As queen of Thrace, then as wife to her brother, Ptolemy II, Arsinoe II gained great influence and power and was honored with deification, her own throne name, and her image on coinage.
Arsinoe II’s Early Life
Arsinoe was born c. 316 B.C. in Macedonia to Berenice and Ptolemy I Soter. Macedonia was a northern Greek province that Alexander the Great had expanded. Due to the fact that Alexander failed to name a successor after his death, his kingdom was divided among his generals. Arsinoe II’s father, Ptolemy, received Egypt and Libya, and the family settled in Alexandria, the great city that Alexander had founded.
In Alexandria, Arsinoe II “probably received a finishing-school education,” historian Rebecca Bartholomew reports.

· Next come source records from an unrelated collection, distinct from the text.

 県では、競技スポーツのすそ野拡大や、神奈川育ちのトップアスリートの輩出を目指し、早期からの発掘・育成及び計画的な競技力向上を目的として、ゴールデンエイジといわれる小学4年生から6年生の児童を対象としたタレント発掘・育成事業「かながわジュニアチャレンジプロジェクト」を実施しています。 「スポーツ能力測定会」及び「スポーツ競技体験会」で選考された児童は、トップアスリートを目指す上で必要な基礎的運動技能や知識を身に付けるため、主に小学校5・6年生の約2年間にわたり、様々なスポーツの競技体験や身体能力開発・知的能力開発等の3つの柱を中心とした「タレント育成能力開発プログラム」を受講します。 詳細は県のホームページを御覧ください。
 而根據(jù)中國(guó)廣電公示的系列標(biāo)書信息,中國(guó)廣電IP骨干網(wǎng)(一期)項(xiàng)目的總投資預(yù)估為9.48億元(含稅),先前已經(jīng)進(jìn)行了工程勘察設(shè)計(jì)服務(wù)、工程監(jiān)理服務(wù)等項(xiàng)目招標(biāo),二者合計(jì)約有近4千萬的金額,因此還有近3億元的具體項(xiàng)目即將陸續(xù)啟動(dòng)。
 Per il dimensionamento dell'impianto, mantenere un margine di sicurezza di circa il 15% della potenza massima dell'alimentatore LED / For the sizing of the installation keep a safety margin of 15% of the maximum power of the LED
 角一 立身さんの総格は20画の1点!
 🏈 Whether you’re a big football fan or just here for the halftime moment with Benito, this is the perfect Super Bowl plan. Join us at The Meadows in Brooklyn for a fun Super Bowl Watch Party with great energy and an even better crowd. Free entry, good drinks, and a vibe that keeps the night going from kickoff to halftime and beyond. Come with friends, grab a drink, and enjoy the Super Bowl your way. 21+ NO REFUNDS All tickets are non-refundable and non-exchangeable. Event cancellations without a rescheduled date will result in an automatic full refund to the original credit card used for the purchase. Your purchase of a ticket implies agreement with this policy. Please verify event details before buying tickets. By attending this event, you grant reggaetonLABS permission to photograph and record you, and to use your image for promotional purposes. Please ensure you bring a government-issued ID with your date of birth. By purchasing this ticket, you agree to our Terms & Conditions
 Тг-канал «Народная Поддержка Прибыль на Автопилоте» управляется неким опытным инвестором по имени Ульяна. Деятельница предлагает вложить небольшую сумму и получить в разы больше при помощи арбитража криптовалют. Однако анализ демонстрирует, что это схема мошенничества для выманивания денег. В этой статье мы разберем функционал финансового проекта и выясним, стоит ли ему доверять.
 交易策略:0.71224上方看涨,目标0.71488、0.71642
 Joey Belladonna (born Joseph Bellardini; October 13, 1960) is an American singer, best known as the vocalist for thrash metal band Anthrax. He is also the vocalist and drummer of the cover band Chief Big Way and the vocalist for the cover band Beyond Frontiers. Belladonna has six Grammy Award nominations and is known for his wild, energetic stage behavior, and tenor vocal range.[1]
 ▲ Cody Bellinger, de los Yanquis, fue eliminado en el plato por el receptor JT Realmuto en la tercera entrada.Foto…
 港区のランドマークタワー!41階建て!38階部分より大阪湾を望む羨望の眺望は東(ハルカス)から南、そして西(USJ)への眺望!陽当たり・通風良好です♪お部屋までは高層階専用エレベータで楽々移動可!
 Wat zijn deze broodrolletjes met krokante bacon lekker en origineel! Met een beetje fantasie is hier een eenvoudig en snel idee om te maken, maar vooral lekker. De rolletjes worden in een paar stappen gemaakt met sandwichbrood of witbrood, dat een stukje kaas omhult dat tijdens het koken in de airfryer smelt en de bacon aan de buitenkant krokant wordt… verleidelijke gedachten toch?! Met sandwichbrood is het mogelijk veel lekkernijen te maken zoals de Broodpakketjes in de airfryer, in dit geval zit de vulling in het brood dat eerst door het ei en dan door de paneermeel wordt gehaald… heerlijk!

When she was just 16 years old, she married Lysimachus, the 45-year-old leader of Thrace, a Greek province. Lysimachus renamed Ephesus after Arsinoe II, and gave her cities on the Black Sea and Cassandreia, a city in northern Greece. The couple eventually had three sons: Ptolemy, Philip and Lysimachus Jr.
Arsinoe II’s Reign
Sources in this Story
- findingDulcinea: Alexander the Great, King of Macedonia
- Distinguished Women of Past and Present: Arsinoe II
- Encyclopedia Britannica: Arsinoe II
- Loyola University Chicago: Women in Antiquity: Introduction to the Hellenistic Period
- Tyndale House: Ptolemaic Dynasty: Arsinoe II
- The Metropolitan Museum of Art: Heilbrunn Timeline of Art History: Arsinoe II
- CNN: Rare 2,200-year-old coin found in Israel
In 285 B.C., Arsinoe II’s father abdicated his throne to her brother, Ptolemy II. Soon after, her mother died, followed by her father in 283.
Arsinoe II was eager to ensure that her eldest son would succeed to the Thracian throne. In 282, she accused Agathocles, a son of Lysimachus from a previous marriage and his heir apparent, of treason. When “the old suspicious” Lysimachus ordered his son executed, an ally of Agathocles requested aid and a war broke out between Thrace and the Middle Eastern Seleucid kingdom, according to Encyclopedia Britannica.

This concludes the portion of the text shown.